* [About this task]: Output the whole listing exactly, with no pictures.

* [Given data]:
-------
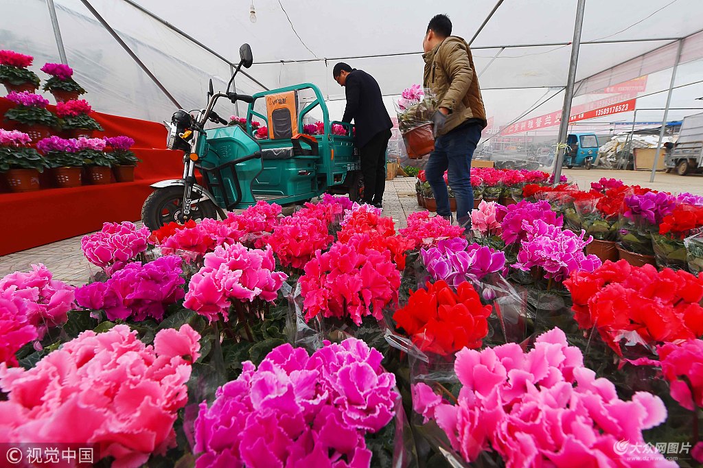 2017年12月29日,山東濰坊,新年來(lái)臨,青州市黃樓街道的近千戶花農(nóng)聯(lián)合起來(lái)舉辦了年宵花展銷會(huì),蝴蝶蘭、仙客來(lái)、杜鵑、大花蕙蘭、鳳梨等千余個(gè)帶有濃郁新年氣息的特色花卉品種吸引了眾多客商前來(lái)選購(gòu),市場(chǎng)一片紅火。山東省濰坊青州市有“中國(guó)花木之鄉(xiāng)”稱號(hào),全市花卉種植面積達(dá)12.9萬(wàn)畝,年交易額110億元。
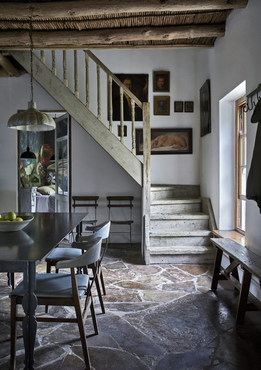 De flagstones op de vloer zijn authentiek, de oude portretten in het trappenhuis komen van een vlooienmarkt.
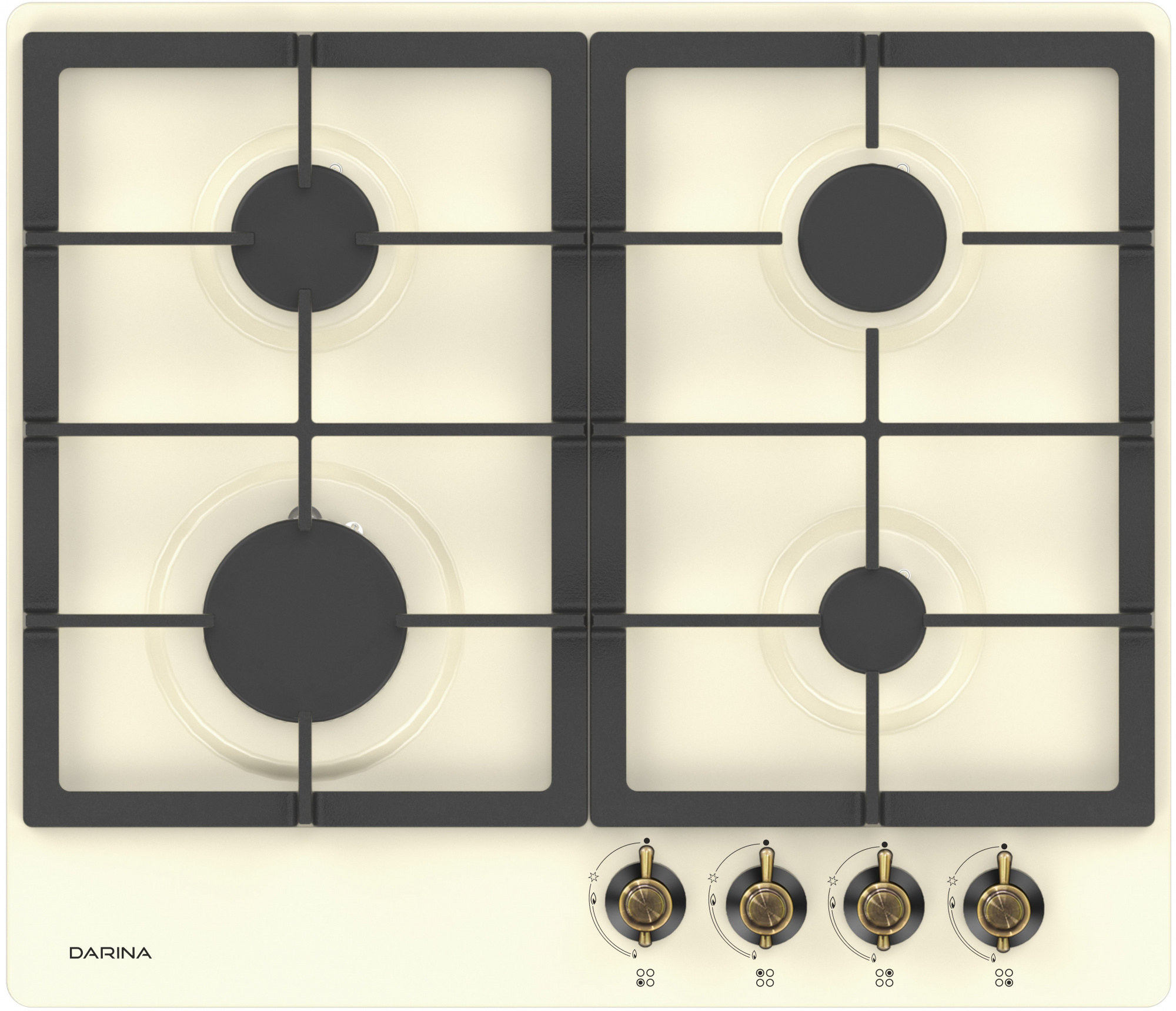 Стиль "Provence" с классическим расположением горелок, материал поверхности эмалированная сталь, с чугунными решетками. Фиксированное положение "Малое пламя"; Интегрированный электророзжиг горелок стола; Комплект для перевода на сжиженный газ.
-------
* [Response box]:
 2017年12月29日,山東濰坊,新年來(lái)臨,青州市黃樓街道的近千戶花農(nóng)聯(lián)合起來(lái)舉辦了年宵花展銷會(huì),蝴蝶蘭、仙客來(lái)、杜鵑、大花蕙蘭、鳳梨等千余個(gè)帶有濃郁新年氣息的特色花卉品種吸引了眾多客商前來(lái)選購(gòu),市場(chǎng)一片紅火。山東省濰坊青州市有“中國(guó)花木之鄉(xiāng)”稱號(hào),全市花卉種植面積達(dá)12.9萬(wàn)畝,年交易額110億元。
 De flagstones op de vloer zijn authentiek, de oude portretten in het trappenhuis komen van een vlooienmarkt.
 Стиль "Provence" с классическим расположением горелок, материал поверхности эмалированная сталь, с чугунными решетками. Фиксированное положение "Малое пламя"; Интегрированный электророзжиг горелок стола; Комплект для перевода на сжиженный газ.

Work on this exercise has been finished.